Black Ops 6 inherently tones back the usual bombast that the series is known for with it spy-thriller design. Make no mistake, there are still a few huge firefights scattered through the campaign and one particularly thrilling airport set sequence, but the developers have opted for a design that makes sense for covert ops structure. Of more importance is that stealth, which is a fully viable, if simplistic, playstyle. The bulk of the missions give you the option of going loud or silent, and it’s very satisfying dropping bodies without alerting anyone. Two of the game’s best missions drop you into open areas with multiple objectives to complete in anyway and any order you decide. Your choices may not affect the final outcome, but it’s nice to choose whether or not you want to fill an attack choppers engine with water versus planting a bomb on its underside.

In between missions, you return to a command centre, well safe house, to chat with the rest of your team and plan your missions. The house has its own set of secrets to unlock with some light puzzle solving, and it can be upgraded with cash collected in the field to add perks to your operators and weapons. Things like faster reloads or more ammo dropped in the field add a nice, albeit tiny skill tree to proceedings. All in all, between the missions that let you swap between characters for a fun casino heist, the usual explosive run and gun spectacle, and the quiet team moments, Black Ops 6 has more depth to it than any prior game in the long-running IP has had for a while.

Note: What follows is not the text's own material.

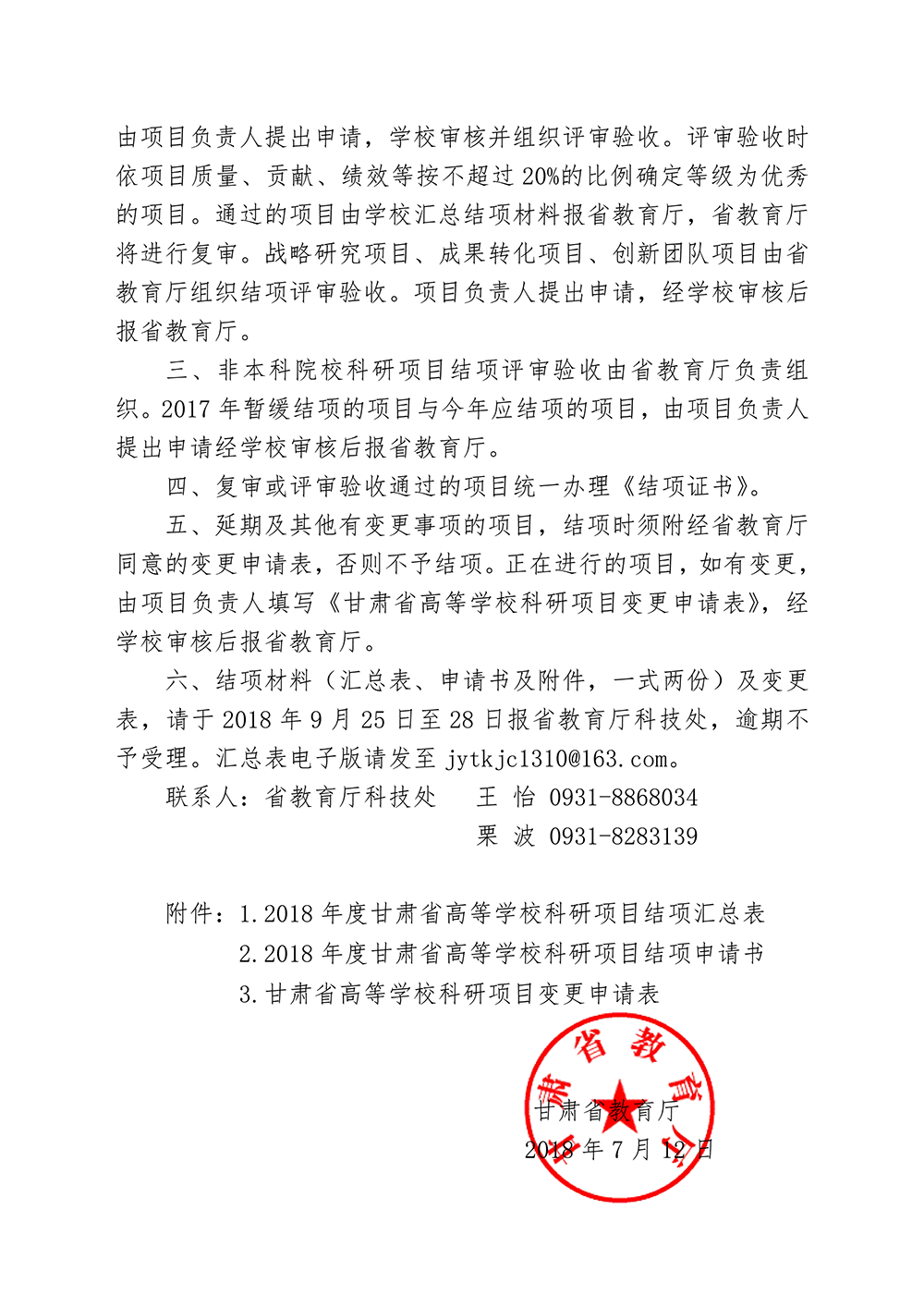 甘肅省教育廳關(guān)于對2018年度甘肅省高等學(xué)??蒲许椖窟M(jìn)行結(jié)項的通知(附件).doc

Performance wise, the game ran perfectly on an Xbox Series X. No matter how many explosions were on screen or aircraft were falling out of the sky, the frame rate was rock solid. That may be down to the fact that this is the first Call of Duty I’ve seen in years that hasn’t attempted to push the visual boundaries as far as usual. It’s still a good-looking game, especially the character rendering and animation department, but it does feel as though stable performance on current-gen machines and acceptible last-gen perfomrance might have been the target.

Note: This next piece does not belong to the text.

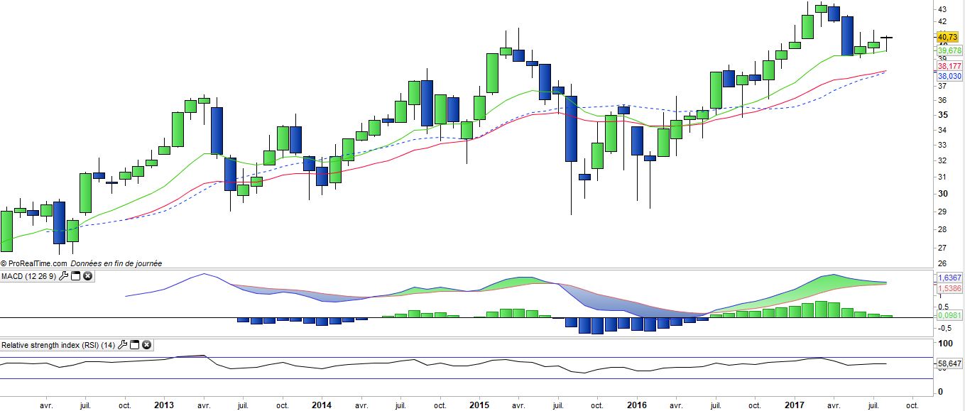 We include in our Watchlist the ETF Lyxor AU2 (Australian Index ASX-200) which develops a graphically attractive configuration and enjoys a long-term upward trend, while historically consolidations tend to be buying opportunities.

With a legitimately fun, lengthy, and satisfying campaign, Call of Duty: Black Ops 6 has revitalised a series I had long since written off. If Activision and its various contributing developers continue to put more time and effort into their campaigns, I may just return for subsequent games. Black Ops 6 may not outshine the original Call of Duty trilogy or the phenomenal (original) Modern Warfare, but it’s still a helluva ride played solo and that makes it the best Call of Duty in years for me.

Call of Duty: Black Ops 6 Campaign (Xbox Series) Review

Call of Duty: Black Ops 6 Campaign (Xbox Series) Review
7 10 0 1
7/10
Total Score

The Good

  • Stealth is fun and actually works
  • A few missions let you choose how to complete objectives
  • A casino heist!
  • Great visuals and solid performance

The Bad

  • The plot is ultimately predictable
  • Can they not just sell the campaigns separately?